Probably no one will read this but oh well.....I got some major anger issues,apart from having depression i'm both suicidal and homicidal, I just hate this ******* world (you're allowed to swear, right?).... everybody is a sadistic hypocrite, I hate my emotions and my conscience, I can't do what I was meant to do , guess this is just a "dark" place. I really do wanna help people and any other living things for that matter, by putting them out of their misery.... my family, friends,my psychiatrist, neighbours, pets, children, strangers.... what's the difference they're all fuckheads that deserve to meet a torturous and painful demise, the only things I hear from their mouths is " ******* KILL ME ALREADY!", it would be my pleasure.
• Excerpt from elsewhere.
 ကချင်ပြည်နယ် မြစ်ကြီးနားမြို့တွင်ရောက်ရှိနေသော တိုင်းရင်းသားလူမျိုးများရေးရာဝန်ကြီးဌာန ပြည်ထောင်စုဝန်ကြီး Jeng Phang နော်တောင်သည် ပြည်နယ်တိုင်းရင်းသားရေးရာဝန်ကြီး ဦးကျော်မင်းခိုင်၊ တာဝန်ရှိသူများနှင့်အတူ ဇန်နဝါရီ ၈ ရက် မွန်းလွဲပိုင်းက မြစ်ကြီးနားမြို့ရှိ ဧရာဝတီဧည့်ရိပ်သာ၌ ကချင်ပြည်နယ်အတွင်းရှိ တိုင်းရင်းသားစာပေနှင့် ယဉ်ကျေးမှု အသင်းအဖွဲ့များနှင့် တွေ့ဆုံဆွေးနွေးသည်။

I've had these thoughts since the age of 6, how's it like to be free of these thoughts anyways.... I'm trying to change, to give it time, but I seem to be going nowhere....helplines, medication, meditation, ******* hypocritical and harsh "psychics", my psychiatrist, interests..... it seems they are only a temporary relief from this ordeal....
Oh and I've never been on recreational drugs, ever gotten drunk, smoked, been in jail or arrested and all the other mechanisms, a majority of my peers do.
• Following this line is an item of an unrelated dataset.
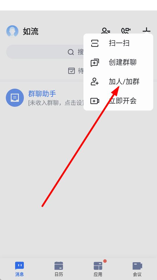 1、打开如流APP,点击底部导航栏中的消息选项进入消息界面。

I feel so lonely, how do i put it? Because of these feelings I can't relate to anyone, everyone would think I'm a freak, so I have to project a fake image of myself.... all I want is happiness, to have good friends and a good family I can connect with, is that such a ******* bad thing to ask for?
It seems the only thing I can hold on is boxing, my coach says I put this extremely unique and even murderous (jokingly of course) vibe on the ring when i fight, I hear people shout out "Holy honeysuckle, what a ******* monster!", (as compliments probably, but I don't care fresia them.) well ain't that the truth? I just love receiving the pain from getting hit and then getting up for some more despite having blood clog up my throat and nose, bruises and blood spurting everywhere and I love how there is actually a place I can express my anger, where I can wreck my opponents and see their blood fly all over the canvas and then getting out there to be covered by blood and bruises, people finally see who I really am, that quiet, introverted kid is a "MONSTER!"...ah boxing, the only thing that makes me happy nowadays. I know "you're the only one that can change!" well ********, if that were the case, then wouldn't every other person going through the same thing as me, be merry forever.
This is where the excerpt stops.